The use of a facility does boost IRR to a certain extent. A model by private equity advisor TorreyCove shows that if a $100 million fund uses 100 percent debt financing for the first two years, and realises $200 million at the end of year six, the credit line offers an IRR boost of 300 basis points and negatively affects MOIC by 0.12 turns, compared with not using any facility. These findings underscore the need for greater transparency, such as reporting net IRR both with and without the credit line.
LPs are divided on the issue. Those that favour IRR as a metric – either for the sake of their own personal compensation or for the sake of comparing private equity with other asset classes – are more in favour than those that focus on multiple of invested capital.
The Institutional Limited Partners Association issued a nine-point guidance on the use of these lines in June, which recommends partnership agreements “delineate reasonable thresholds for their use”, including setting a maximum of 180 days outstanding. However, the organisation is said to be in the process of revising these guidelines after industry feedback, so this could change.
There are tax consequences for tax-exempt LPs. If a fund purchases an asset with a credit line, the income from it may make a tax-exempt investor taxable. However, there are ways for fund managers to mitigate this.

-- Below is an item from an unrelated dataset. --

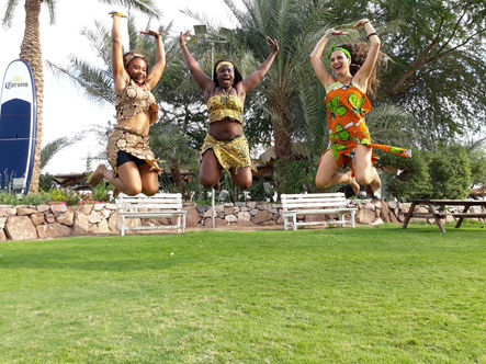 מופע ססגוני צבעוני וסוחף. המופע משלב את אומנות התיפוף והשירה האפריקנית לצד אומנות המחול האפריקאי. המחול האפריקאי מאופיין באנרגיה גבוהה ומתפרצת ואינו משאיר אף צופה אדיש. הלהקה תשלהב את הקהל במקצבים אפריקאיים מטורפים, שבמהלכם הרקדנים יבצעו צעדי-ריקוד מסורתיים ואקרובטיים. השילוב בין התיפוף לריקוד מרעיד את לב הקהל בהשתאות. הלהקה לובשת בגדים אפריקאיים צבעוניים ואותנטיים ומנגנת על כלי נגינה מקוריים.

It’s difficult to get a sense of the scale of their use, but Jeff Johnston, chairman of the Fund Finance Association, tells as that “virtually every one” of the firms in the top 100 of the PEI 300 uses a subscription line.
Subscription lines may put a block on attempted transfers of LP interests – something many LPs may not be aware of until they attempt to implement one. As the security for the facility is the LPs’ uncalled capital commitments, some facilities contain covenants that place limitations on LP transfers.
There are some strategies and asset classes for which subscription lines make more sense. For example, Johnston says the longest, deepest penetration has been in the real estate sector. The use of these lines arguably makes the most sense for secondaries funds, as the nature of the strategy means they could get calls from hundreds of different LP interests they own to fund capital commitments at any moment, one banker told us. As those calls can happen on a near-daily basis, a secondaries fund would have to sit on a large cash reserve, which would drag down returns.
The risk of default is “minute”, one LP told sister publication Private Equity International, based on the credit-worthiness of the limited partners, the size of the facility – typically around a fifth of the total fund size – and repayment term, typically a year.
LPs may be tempted to add leverage to their portfolios. If capital that should have been drawn down is left on investor’s balance sheets, “it means we will be underweight [against] our target and have to make a decision as to where we put that money”, according to Prudential Portfolio Management Group’s alternatives head Michael Howard. “If you redeploy it elsewhere then your programme is levered.”